Material shown section start

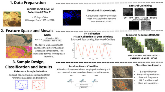 After classification, a masking process was applied to remove urban areas using the MapBiomas dataset. A frequency filter was applied to improve classification consistency, removing areas classified as exposed soil for five years or less throughout the time series. Additionally, a temporal filter with a 3-year window was implemented, where the classification of the middle year was adjusted to match the dominant class of the preceding and succeeding years. These post-processing steps ensured a more stable and reliable identification of persistent bare soils, minimizing short-term classification inconsistencies and reducing noise in the final dataset.
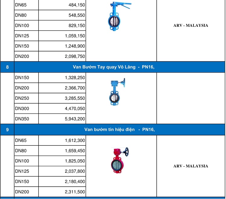 Bảng giá van bướm ARV.
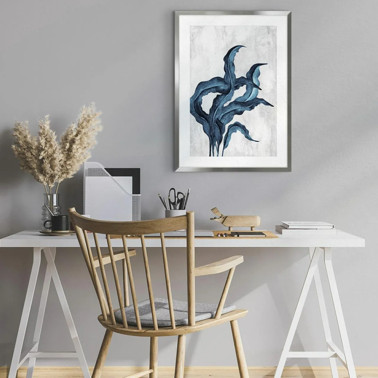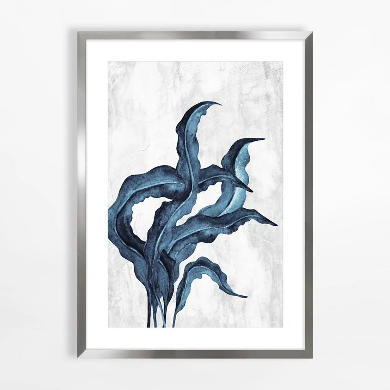 Obraz WATER PLANT II o wymiarach 50×70 cm można zawiesić na dopasowanej ramie w odcieniu niklu.
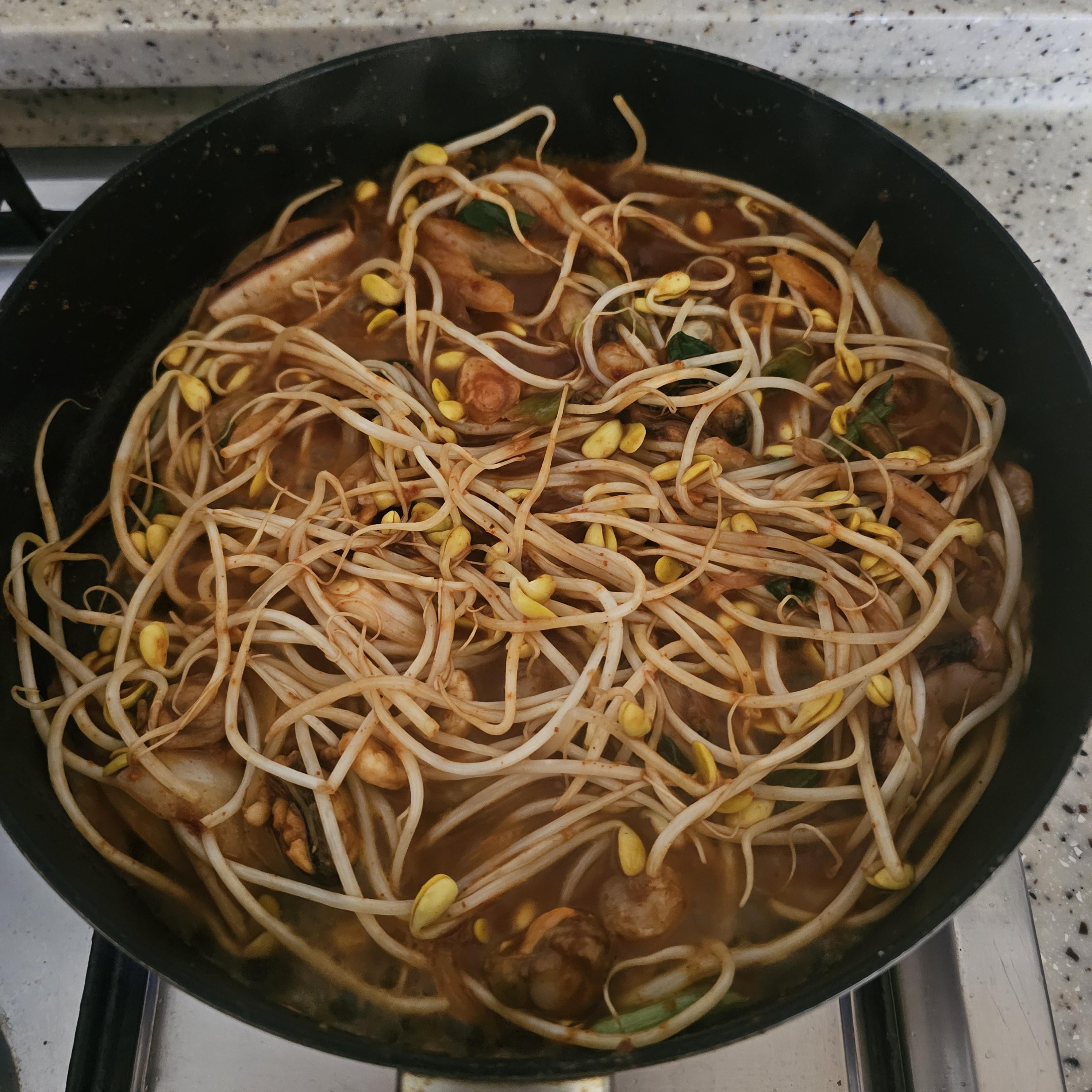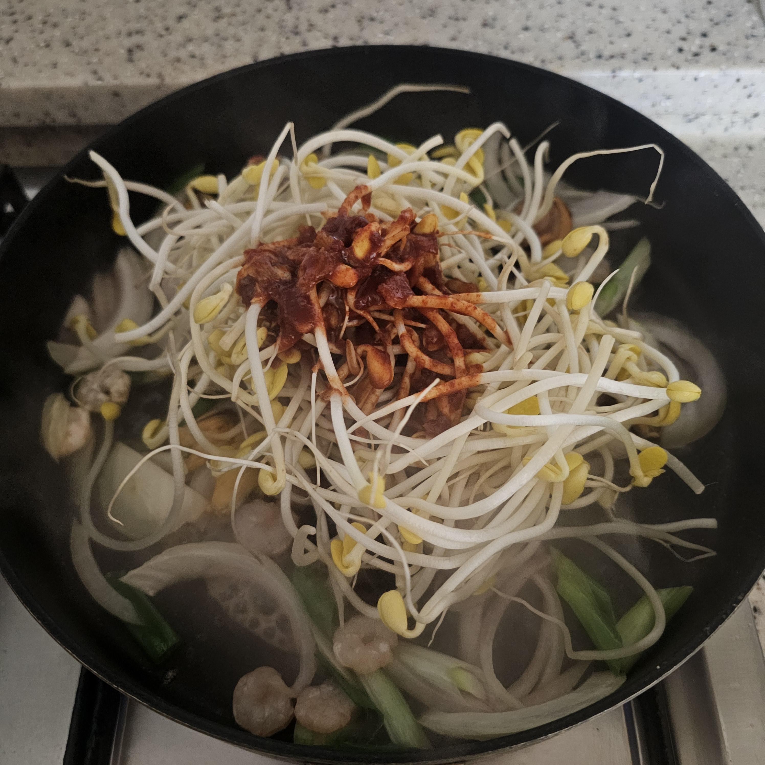 그다음 콩나물과 미리 만든 양념장을 넣어줍니다.
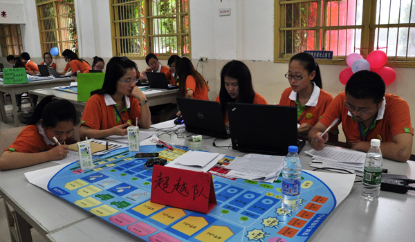 本次大赛中由66名参赛队员组成13支队伍分别经营企业。在团队内部设置一名 CEO、财务总监、营销总监、生产总监与采购总监。比赛中,各团队成员密切配合,围绕产品的市场规划、市场预测、运营过程等方面进行细致分析,并作出正确、合理的决策。通过两天的激烈角逐,“黑夜彩虹”队一路过关斩将,力挫群雄,勇夺魁首。
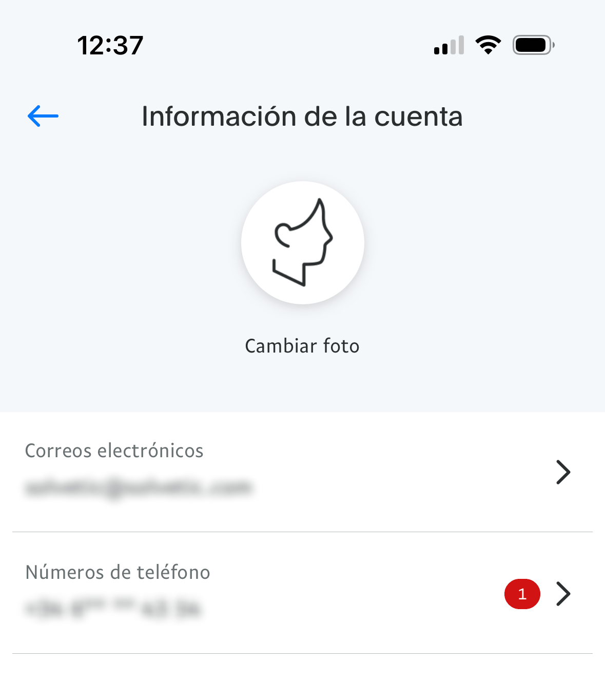 Luego pulsa en "Información de la cuenta" a mi en iPhone me sale asi.

Material shown section end

→ What this task involves
Restate word for word the lines that begin at the one containing "Bảng giá van bướm ARV." and end with the final line of the records. Pictures stay out.

→ Task response
 Bảng giá van bướm ARV.
 Obraz WATER PLANT II o wymiarach 50×70 cm można zawiesić na dopasowanej ramie w odcieniu niklu.
 그다음 콩나물과 미리 만든 양념장을 넣어줍니다.
 本次大赛中由66名参赛队员组成13支队伍分别经营企业。在团队内部设置一名 CEO、财务总监、营销总监、生产总监与采购总监。比赛中,各团队成员密切配合,围绕产品的市场规划、市场预测、运营过程等方面进行细致分析,并作出正确、合理的决策。通过两天的激烈角逐,“黑夜彩虹”队一路过关斩将,力挫群雄,勇夺魁首。
 Luego pulsa en "Información de la cuenta" a mi en iPhone me sale asi.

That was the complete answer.